Nach einer gewissen Zeit holt uns tatsächlich ein Ruderboot und die Mumme der Familie, Mütterchen Anka, empfängt uns. Die gute ist wohl nicht mehr die jüngste, sitzt in einem schrecklich quietschenden Schaukelstuhl und hat einen Vogel. Auf Ihrer Schulter sitzt ein wunderschöner Pfeifbachendrössling, der auch immer wieder sein Liedchen erklingen lässt. Wie sie es wohl macht, dass er ohne Käfig bei Ihr bleibt? Wir schildern Ihr warum wir hier sind und nach dem üblichen Händlergewäsch einigen wir uns “sehr überraschend” auf “eine Hand wäscht die andere”: Wenn wir den Spuk von einem Ihrer Boote vertreiben, dann sind die Prischkei Verhandlungsbereit oder helfen uns bei den Verhandlungen, da bin ich mir nicht so sicher. Rashka und Meerwulf glauben jedenfalls das Spukproblem lösen zu können.

Auf dem bespukten Hausboot wohnt Dunjew, der Zimmermann der Familie, der laut Aussage Anka der Hexe Nona (aus dem Dorf Lasach, liegt südlich) einen Korb gegeben hat und deswegen fliegt sich noch ab und zu vorbei und verflucht das Hausboot, dass übrigens Grunkei heißt. Als wir ankommen kommt Dunjew aus dem Boot gerannt und innen ist gepoltert zu hören (Sachen fliegen rum).
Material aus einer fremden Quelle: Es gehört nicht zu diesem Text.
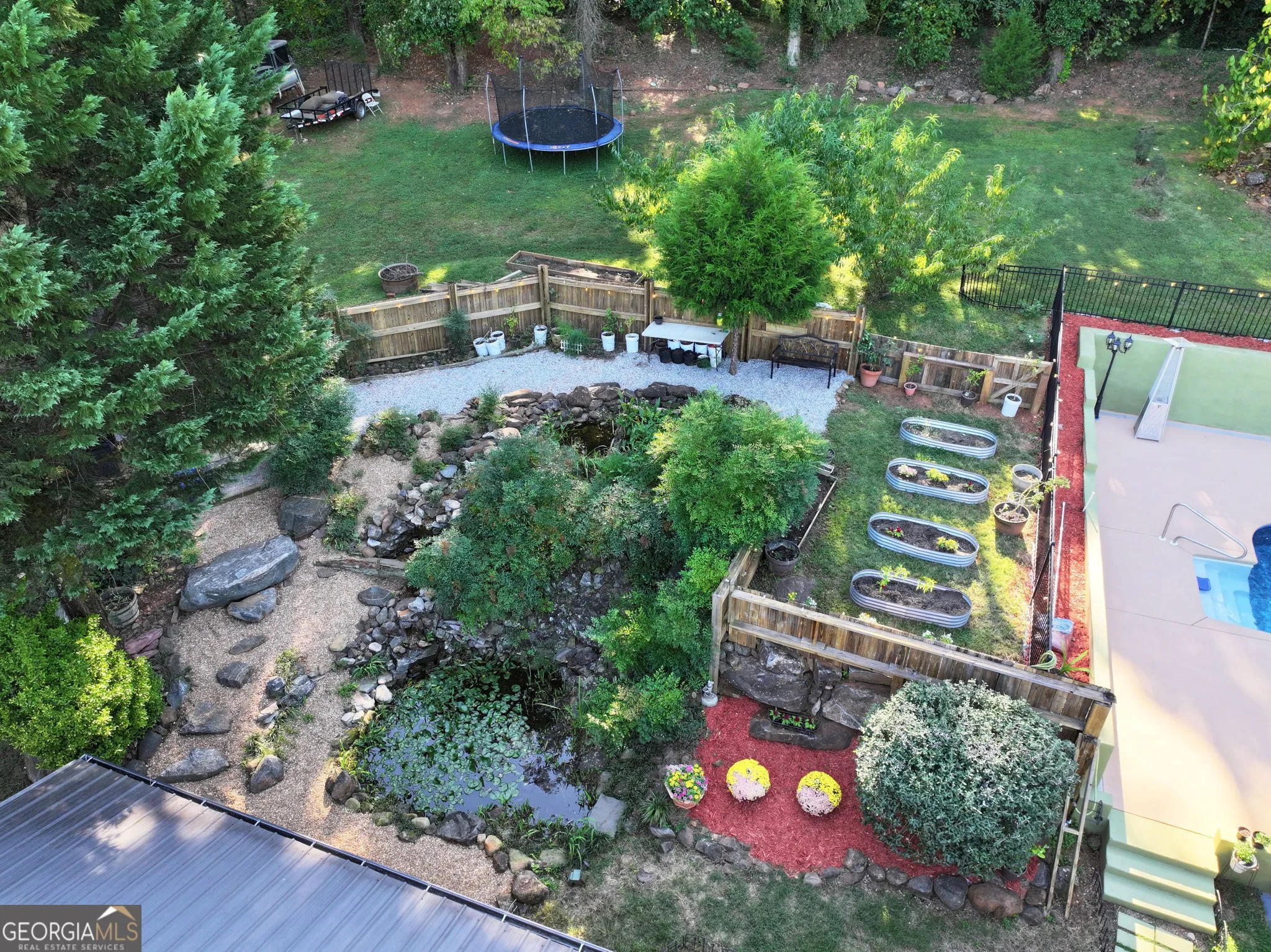FRESH PAINT IN THE FAMILY ROOM * GRANITE COUNTERTOPS IN THE KITCHEN AND BATHROOM * This home keeps getting better! Located in an exceptional school district and just minutes from everything, is nestled on 1.63 acres of beautifully landscaped grounds. Featuring a sparkling pool, delicate water features, indoor and outdoor living, and over 3,100 square feet of space ready for you to call home. This spacious tri-level residence blends comfort, convenience, and outdoor living in a truly one-of-a-kind setting. With four bedrooms plus a bonus room, three full bathrooms, and a thoughtful layout, it offers room to relax, entertain, and enjoy every season. As you step through the front door, gleaming hardwood floors invite you to explore the home’s many unique spaces. Designed to support everything from everyday meals to holiday feasts, the kitchen features granite countertops that provide a warm, functional work surface, complemented with a matching granite island. Cooking enthusiasts will appreciate the gas cooktop and the rare bonus of a second range, ensuring there’s plenty of space for preparing large meals. A generous walk-in pantry connects the kitchen and family room, keeping essentials close at hand and making it easy to move between cooking and entertaining. The dining room rises dramatically with a two-story ceiling, creating an airy, open atmosphere filled with natural light. Along one wall, a built-in window seat invites you to relax and take in expansive views of the backyard. The tall windows stretch upward, emphasizing the room’s height and allowing sunlight to pour in throughout the day, while a classic brick fireplace, updated with gas logs, adds warmth and character. The space feels both grand and welcoming-perfect for gatherings that flow effortlessly between the indoors and the peaceful outdoor setting. A flexible floor plan provides multiple gathering spaces, including a bright sunroom or playroom off the kitchen with windows looking out to the pool on one side and built-in storage on the other. Upstairs, you’ll find three of the four bedrooms, including the primary suite, two additional bedrooms, and a second full bath. Downstairs, the fourth bedroom functions as a comfortable secondary suite, complete with a wood-burning fireplace, large walk-in closet, private bath, and a versatile bonus room. An optional private entrance from the backyard adds flexibility for guests, extended family, or independent living. Step outside to your private haven. A sparkling 18×36 vinyl in-ground swimming pool, installed in 2023 with a new pool pump in 2025, invites you to unwind or host summer gatherings, while the expansive covered deck and backyard pavilion offer shaded spots for dining and entertaining. The fenced backyard provides privacy and security, making it ideal for both family living and entertaining guests. For moments of peace, explore the landscaped grounds where a pond with a cascading waterfall is home to lotus flowers and surrounded by pollinator-friendly plantings. Fruit trees, herbs, vegetables, and berry bushes offer seasonal harvests and add to the property’s natural beauty. Every detail of the landscape has been designed to create visual appeal and harmony with nature. Additional highlights include a welcoming front porch, a spacious carport and 2 additional parking pads offer room for multiple vehicles or even a boat, and ample storage. This property is more than just a house-it’s a way of life. Imagine mornings with coffee on the porch, afternoons by the pool, evenings gathered under the pavilion or covered deck, and weekends enjoying fresh fruit or vegetables from your own trees and plants while listening to the soothing sounds of the waterfall pond. With its rare combination of updated interiors, expansive outdoor living, and over an acre and a half of land in the middle of town, this home is truly special.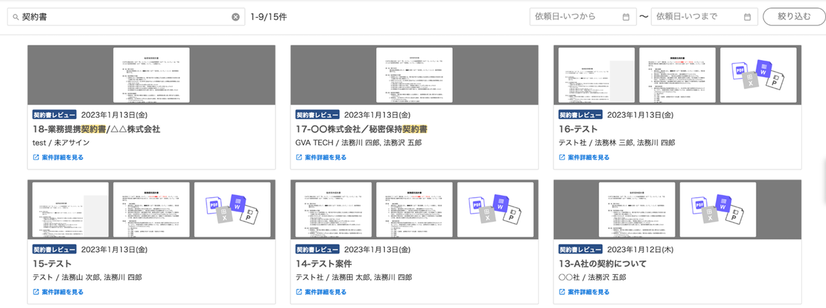 条文検索機能により、過去の契約書や条文を横断的に検索して活用できるので、類似案件をベースにスピーディなドラフト作成が可能です。

Um das Ganze abzukürzen, am Ende stellt sich raus, Dunjew ist als Zimmermann vollkommen unfähig. So hat er das gesunkene Hausboot im See “geflickt”. Pernilla, die Ziblja der Familie, die wo auf dem Hausboot gewohnt, hat allerdings nichts damit zu tun. Auch die Hexe war es nicht, die fliegt nur vorbei, um Dunjew zu signalisieren, dass sie im nahen Wäldchen auf Ihn wartet. Den Spuk verursacht hat ein Klabauter. Vor einem Monat hat Dunjew von einem Händler eine mechanische Säge gekauft, die durch einen Dämonen angetrieben wird. Der Klabauter fand das natürlich nicht lustig und meinte Sachen durch die Gegend schmeißen ist das beste Mittel zu kommunizeren, dass die Säge weg muss. Der Händler war übrigens der gleiche, der bei uns im Lager die Goblinfetische verkauft.
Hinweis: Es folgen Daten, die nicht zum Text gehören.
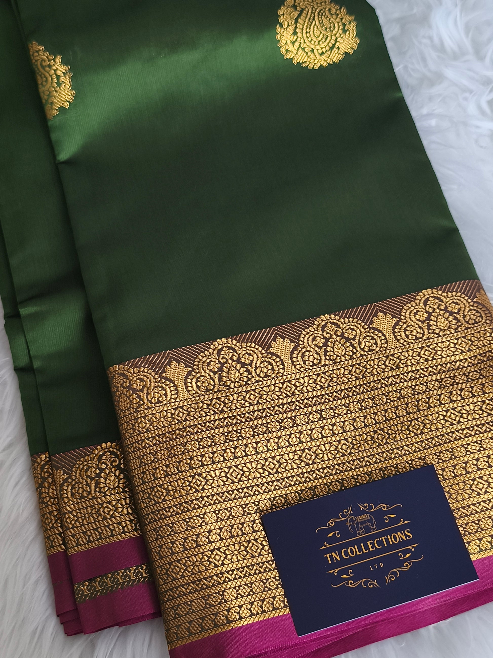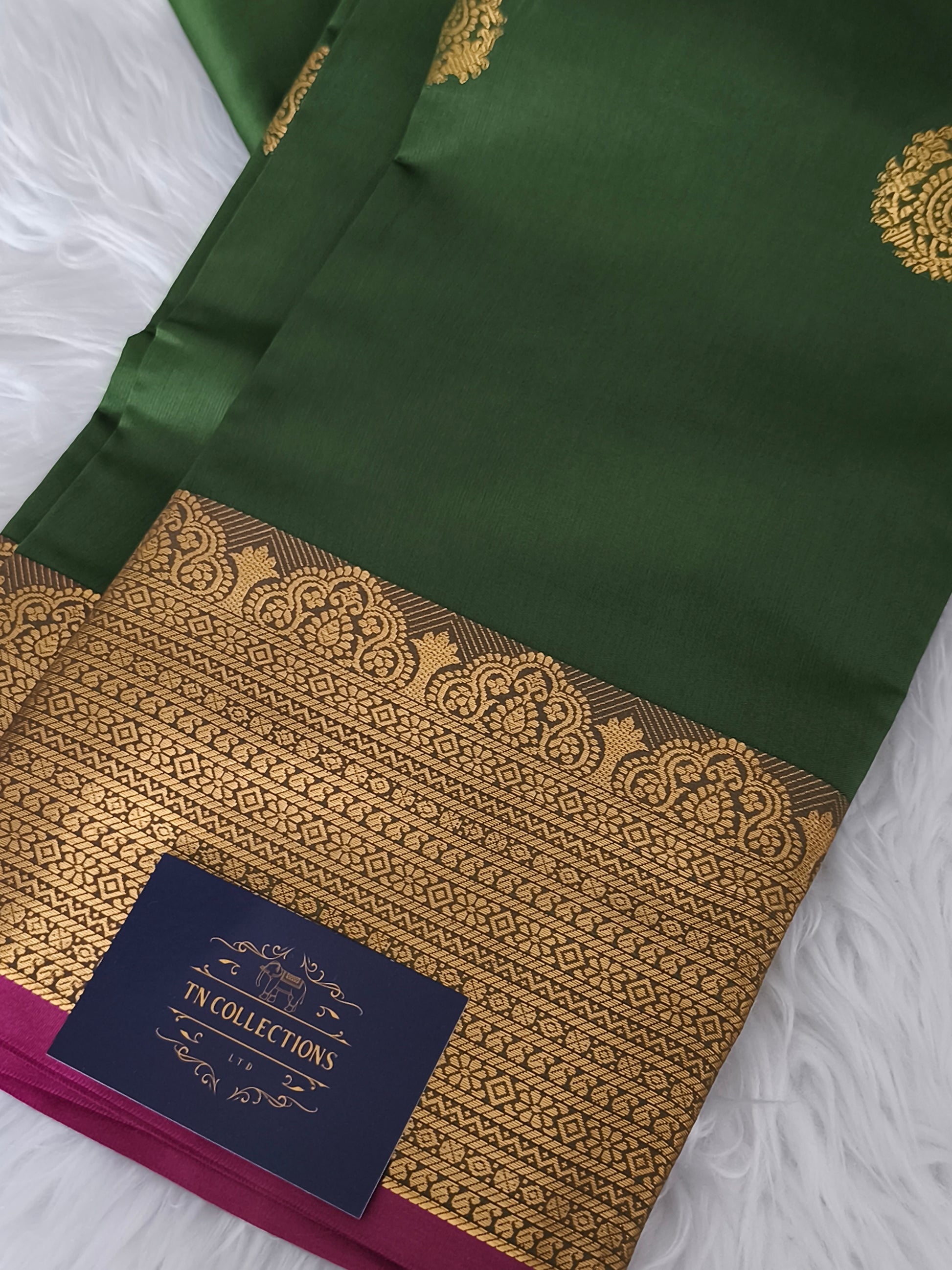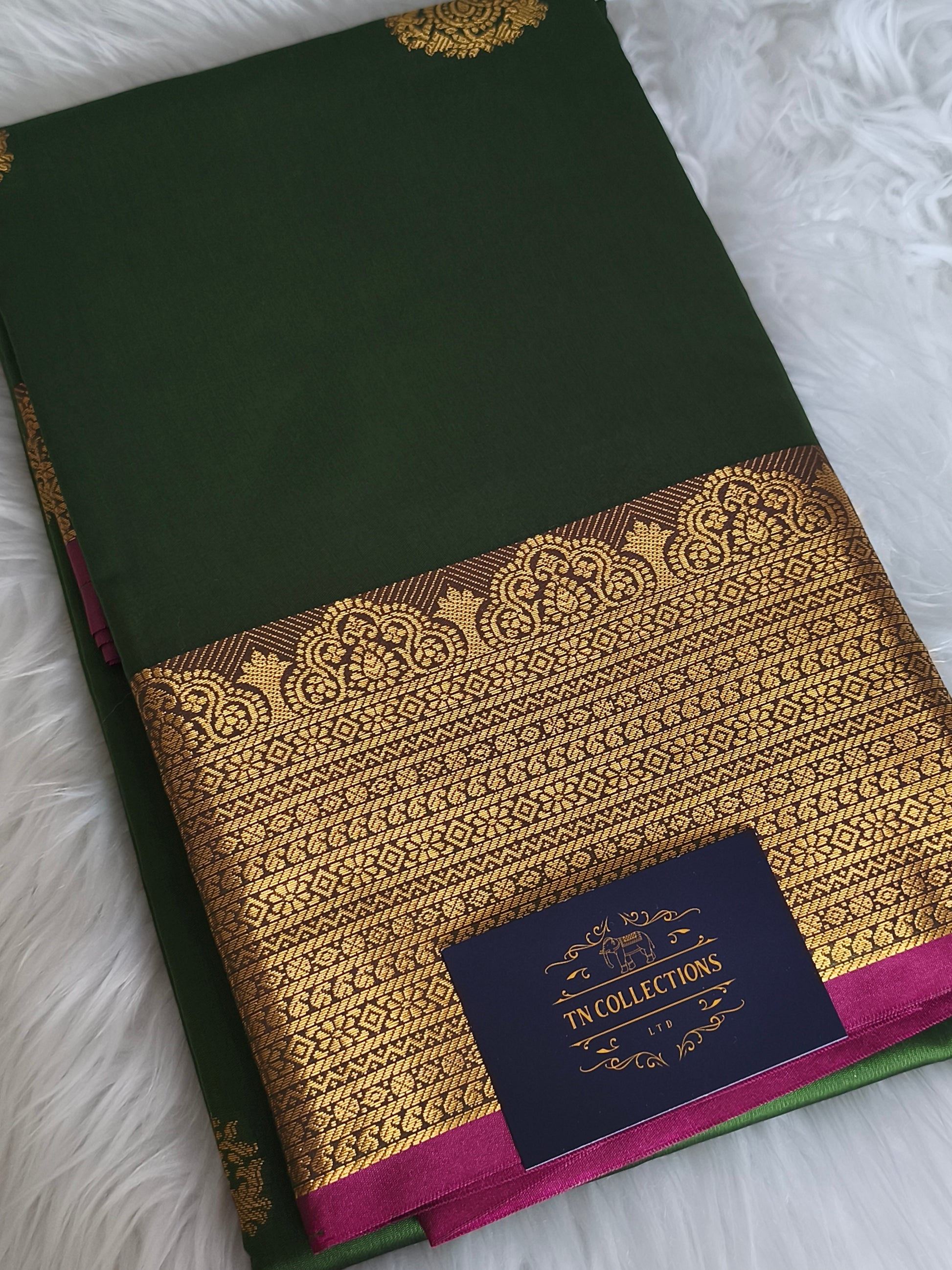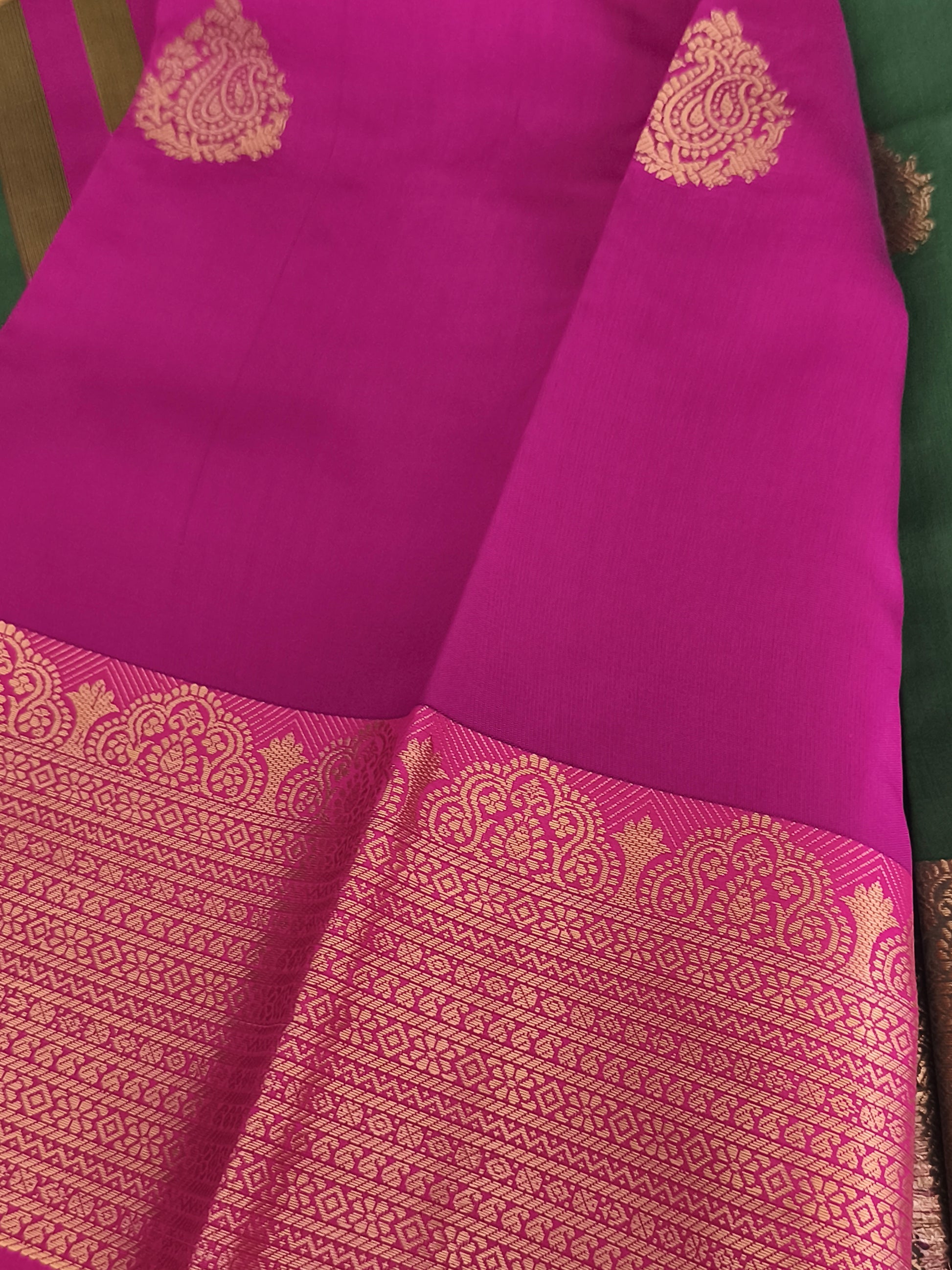 Beautiful trendy kanchi Semi soft silk saree with contrast blouse and rich pallu.

Naja, somit haben wir dem Klabauter zugesagt, dass wir den Dämon ins Dämonenreich zurückschicken, wenn er aufhört zu spuken. Mütterchen Anka stimmt also zu, wenn der Spuk wirklich weg ist, dann stimmt sie Verhandlungen zu. Nach kurzer Diskussion beschließen wir folgenden Plan: zurück zu Maja, ins Lager fahren, Olko die Säge geben und ihn den Dämon austreiben lassen, Bolga will zum Händler, essen, schlafen, morgen zu der dritten Familie Vrimitow fahren (Wir haben Anka nachdem Weg gefragt), diese von Verhandlungen überzeugen, auf dem Rückweg bei den Prischkei vorbeifahren und schauen, ob der Klabauter sein Wort gehalten hat und dann weiterschauen.

 

Zurück im Lager

Direkt im Lager kommt Olko angelaufen: “Wir müssen den Goblins helfen, dass ist alles ganz schlimm und die überleben keine 2 Tage mehr”. Wir schildern ihm die Geschichte und er meinte, zum einen sollten wir auf jeden Fall dem Wunsch des Klabauters entsprechen und den Dämon in seine Sphäre zurückschicken., zum anderen kann er den Dämon (der wohl sehr schwach sit) aus der Säge rausholen, aber bekämpfen müssen wir Ihn dann. Also wird beschlossen, dass wir am nächsten Morgen bei den abgebrannten Türme (aus magischen Gründen) den Dämon austreiben, dafür wir Meerwulf einen Elementar herbeirufen, der den Dämon kämpft und Olko wird unsere Waffen magisieren. [Anmerkung: Der Vorschlag den Dämon im Lager freizulassen und die Rondrageweihte die Arbeit machen zu lassen wurde abgelehnt]. Da Olko uns aber weiter mit den Goblins in den Ohren liegt und bei der Dämonaustreibung wohl nicht ganz bei der Sachen sein wird, wenn die beiden Goblins weitergefangen sind. Also wird beschlossen, dass wir die Goblins heute Nacht befreien.

Im Moment ist der Plan soweit, dass wir ein Ablenkungsmänover brauchen und dass es am einfachsten den Pfosten umzuhaken, wo die Kette der Goblins dran sind.